With the pictures left out, reproduce exactly the lines running from the line with "ザウス神戸店 ( 日本ビルヂング )" to the last line of the material below.
- Opening Delimiter -
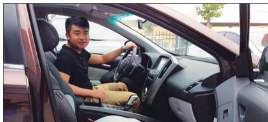
记者坐在宽敞的车内
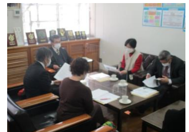
学校評議員との話し合い

当日話し合われた内容やいただいたご意見を今後の学校運営に生かしてまいりたいと思います。
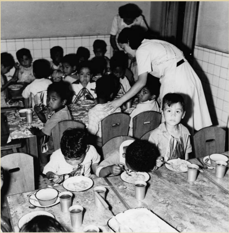
③聖母愛児園の食事風景 1952(昭和27)年
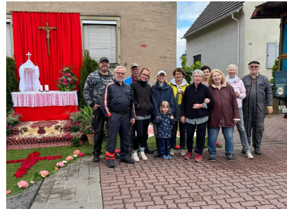
kfd Team St. Leo Rödersheim
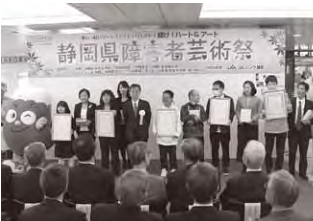
▲表彰式 授産製品コンクール 静岡県知事賞受賞者
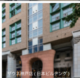
ザウス神戸店 ( 日本ビルヂング )
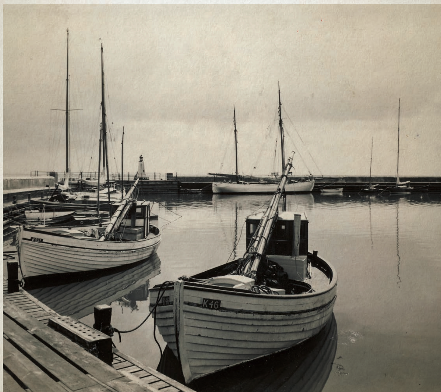
Fiskerbåde i Vedbæk Havn 1940
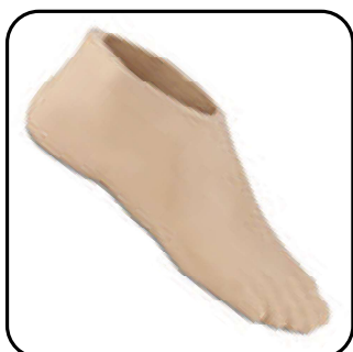
Сменная оболочка стопы Низкий профиль (G3) (FTC-3M-xxxL-Rx)
- Closing Delimiter -
■ **Completed exercise**:
ザウス神戸店 ( 日本ビルヂング )
Fiskerbåde i Vedbæk Havn 1940
Сменная оболочка стопы Низкий профиль (G3) (FTC-3M-xxxL-Rx)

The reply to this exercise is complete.